START MATERIAL FOR THIS TASK

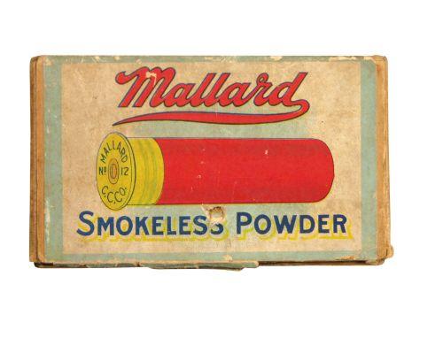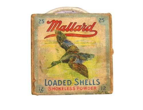 Two Piece Mallard Shot Shell Box for 12 gauge smokeless powder shot shells, empty. Very good condition, complete.
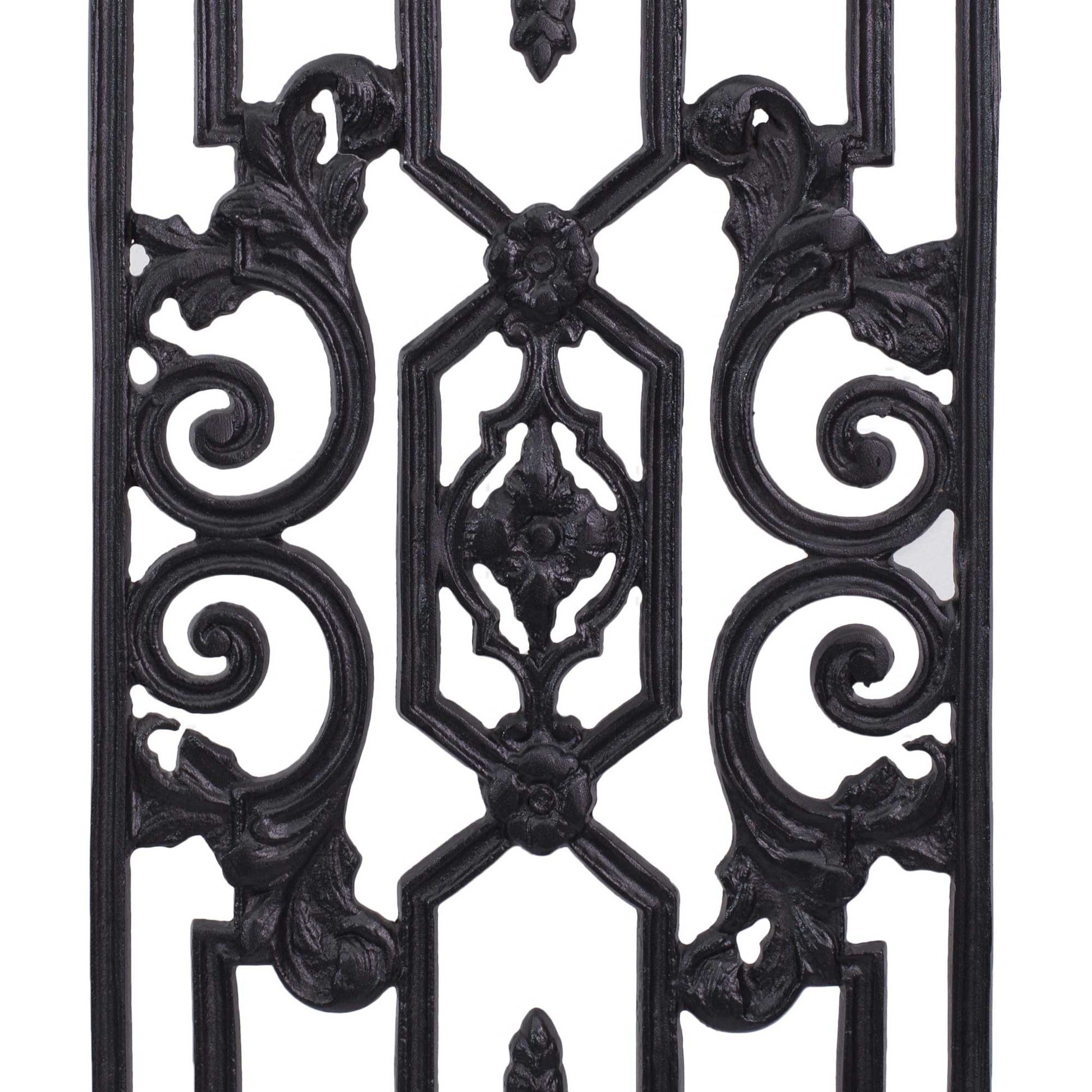 The satin black powder-coated finish, oven-baked for durability, enhances the artistic details while ensuring resistance to corrosion and fading.
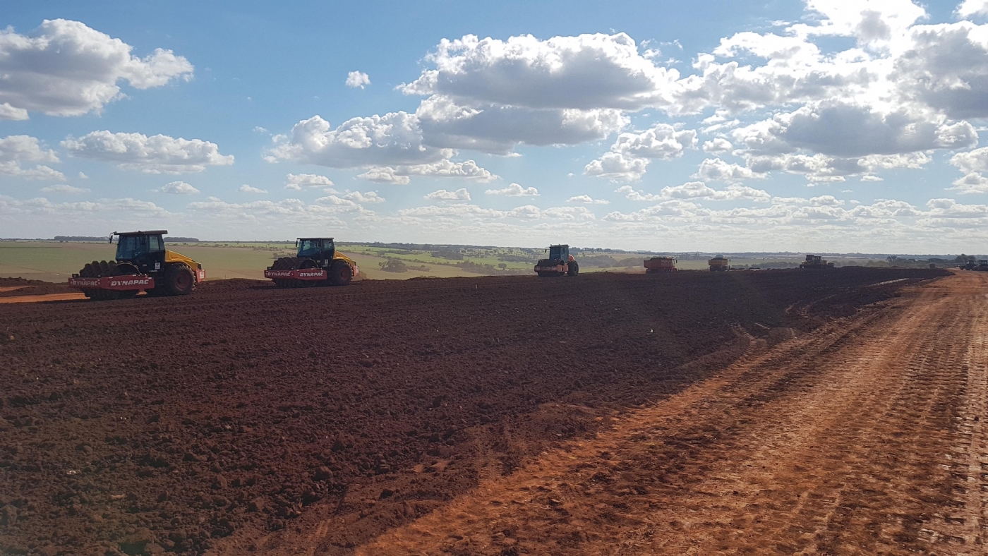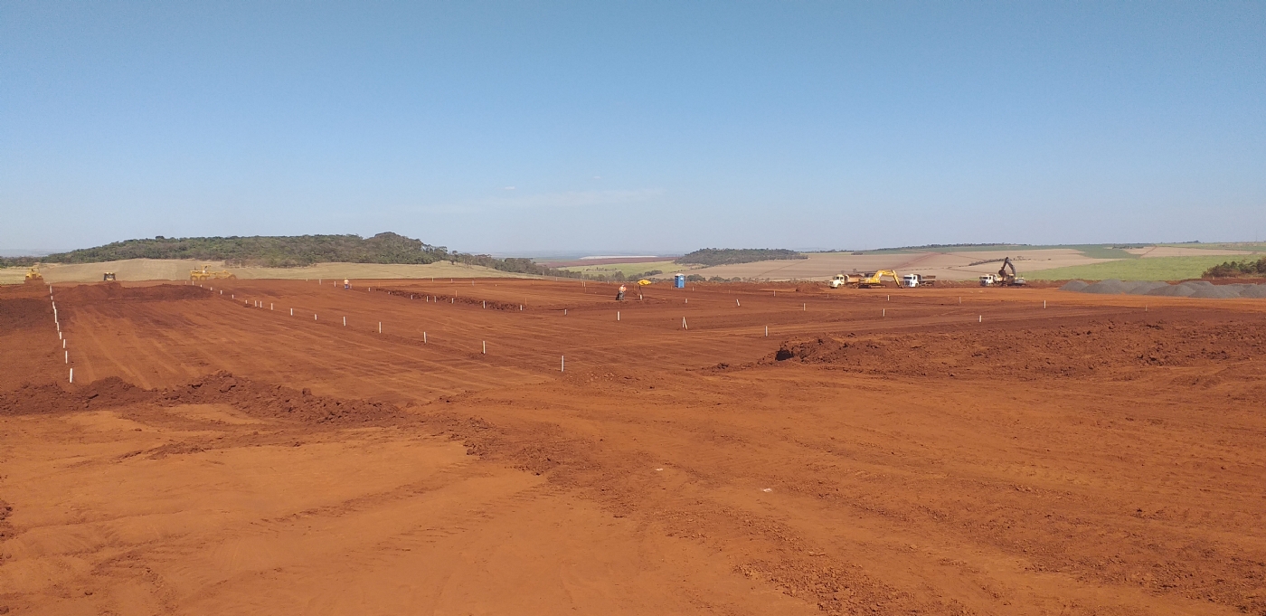 Executada em 2019, as obras de terraplenagem e pavimentação para instalação da nova fábrica da Cervejaria Petrópolis, em Uberaba/MG, contemplaram serviços de limpeza da camada vegetal, cortes e aterros, tratamento de subleito e base em brita graduada. No total, foram realizadas limpezas em uma área superior a 690 mil metros quadrados, mais de 750 mil metros cúbicos de escavações e 500 mil metros cúbicos de aterros. Também foram executados a preparação para recebimento dos pavimentos industriais em concreto, com 140 mil metros quadrados de regularização do subleito e da base em brita graduada simples.
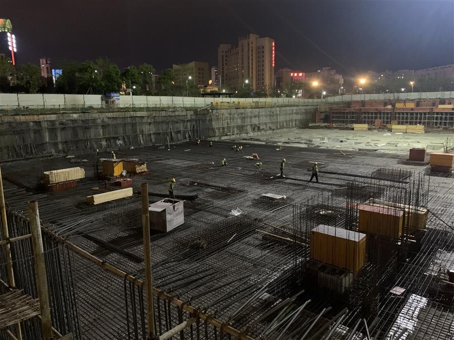 時至深夜,贛州市人民醫(yī)院新院職工交流房項目工作人員依舊奮戰(zhàn)在施工現(xiàn)場,現(xiàn)場機械轟鳴聲、焊接切割聲交織在一起,一片熱火朝天的大干景象。目前,130余名施工作業(yè)人員全面鋪開各個工作面,底板防水施工、承臺鋼筋綁扎、磚胎膜砌筑、樁頭破除、地下室頂板架子搭設(shè)和模板安裝等工作都在有序推進(jìn),各班組都在按照計劃加班加點推進(jìn)項目建設(shè)進(jìn)度。
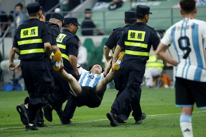 El aficionado chino esquivó la seguridad y saltó al campo para abrazar a Messi cuando este se dirigía a cobrar un tiro de esquina. Los guardias trataron de agarrarlo, pero el fanático resultó ser más veloz.
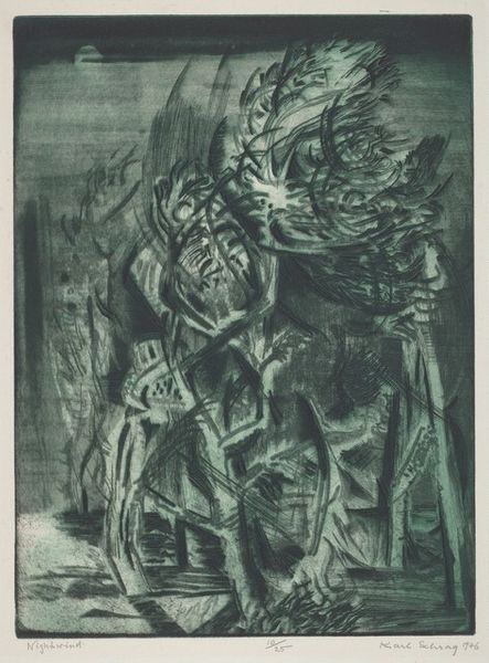 André Racz created this intaglio print, "Perseus Beheading Medusa, IV," in 1945. Racz’s surrealist take on the classical myth invites us to consider the politics of imagery and the social conditions of artistic production during and after World War II. The mid-20th century was a time of immense violence and social upheaval, and many artists turned to mythology as a way to grapple with the anxieties of the modern world. The story of Perseus and Medusa can be seen as a metaphor for the struggle between good and evil, order and chaos, or reason and irrationality. How does Racz's abstraction comment on existing social structures, or the institutions of art? Historians consult a wide range of resources to understand the place of art within its social and institutional contexts.
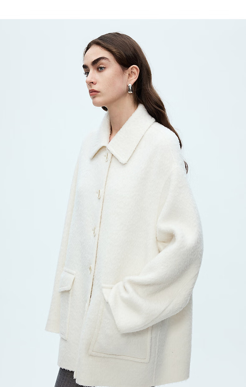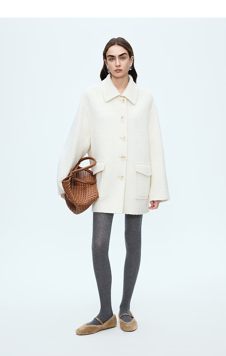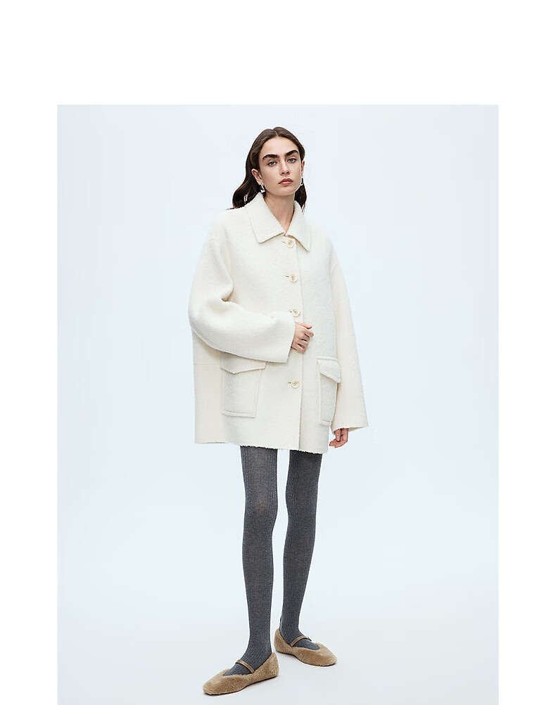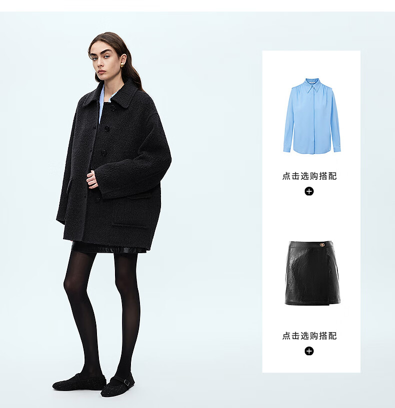 朗姿羊毛翻领挺阔时尚毛呢外套优雅百搭呢子大衣女2025年冬季新款 深灰色 S
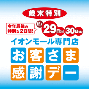 【年末年始の営業時間のご案内】12月末までのキャンペーンもあります!急げ~!
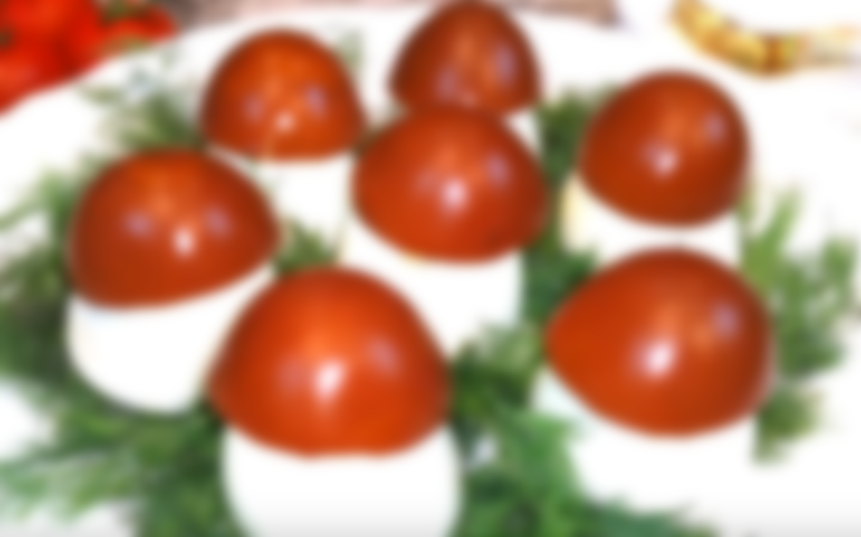 - Фаршированные яйца в виде мухоморов наверняка видели все! Однако, готовить их спешат не многие: надо немного повозиться. Чтобы нафаршировать яйца, срезайте верхушку, аккуратно доставайте желток, заполняйте начинкой. Сверху яйцо накрывайте половинкой небольшого помидора, очищенного от мякоти (семечек), с помощью майонеза ставьте на поверхности «гриба» круглые белые точки. Выкладывая на тарелку, не пожалейте зелени – мухоморы будут отлично смотреться на лужайке с сочной травой.

END MATERIAL FOR THIS TASK

* PROBLEM DESCRIPTION: Without the pictures, give every line of the data again, exactly as written.

* EXERCISE RESULT:
 Two Piece Mallard Shot Shell Box for 12 gauge smokeless powder shot shells, empty. Very good condition, complete.
 The satin black powder-coated finish, oven-baked for durability, enhances the artistic details while ensuring resistance to corrosion and fading.
 Executada em 2019, as obras de terraplenagem e pavimentação para instalação da nova fábrica da Cervejaria Petrópolis, em Uberaba/MG, contemplaram serviços de limpeza da camada vegetal, cortes e aterros, tratamento de subleito e base em brita graduada. No total, foram realizadas limpezas em uma área superior a 690 mil metros quadrados, mais de 750 mil metros cúbicos de escavações e 500 mil metros cúbicos de aterros. Também foram executados a preparação para recebimento dos pavimentos industriais em concreto, com 140 mil metros quadrados de regularização do subleito e da base em brita graduada simples.
 時至深夜,贛州市人民醫(yī)院新院職工交流房項目工作人員依舊奮戰(zhàn)在施工現(xiàn)場,現(xiàn)場機械轟鳴聲、焊接切割聲交織在一起,一片熱火朝天的大干景象。目前,130余名施工作業(yè)人員全面鋪開各個工作面,底板防水施工、承臺鋼筋綁扎、磚胎膜砌筑、樁頭破除、地下室頂板架子搭設(shè)和模板安裝等工作都在有序推進(jìn),各班組都在按照計劃加班加點推進(jìn)項目建設(shè)進(jìn)度。
 El aficionado chino esquivó la seguridad y saltó al campo para abrazar a Messi cuando este se dirigía a cobrar un tiro de esquina. Los guardias trataron de agarrarlo, pero el fanático resultó ser más veloz.
 André Racz created this intaglio print, "Perseus Beheading Medusa, IV," in 1945. Racz’s surrealist take on the classical myth invites us to consider the politics of imagery and the social conditions of artistic production during and after World War II. The mid-20th century was a time of immense violence and social upheaval, and many artists turned to mythology as a way to grapple with the anxieties of the modern world. The story of Perseus and Medusa can be seen as a metaphor for the struggle between good and evil, order and chaos, or reason and irrationality. How does Racz's abstraction comment on existing social structures, or the institutions of art? Historians consult a wide range of resources to understand the place of art within its social and institutional contexts.
 朗姿羊毛翻领挺阔时尚毛呢外套优雅百搭呢子大衣女2025年冬季新款 深灰色 S
 【年末年始の営業時間のご案内】12月末までのキャンペーンもあります!急げ~!
 - Фаршированные яйца в виде мухоморов наверняка видели все! Однако, готовить их спешат не многие: надо немного повозиться. Чтобы нафаршировать яйца, срезайте верхушку, аккуратно доставайте желток, заполняйте начинкой. Сверху яйцо накрывайте половинкой небольшого помидора, очищенного от мякоти (семечек), с помощью майонеза ставьте на поверхности «гриба» круглые белые точки. Выкладывая на тарелку, не пожалейте зелени – мухоморы будут отлично смотреться на лужайке с сочной травой.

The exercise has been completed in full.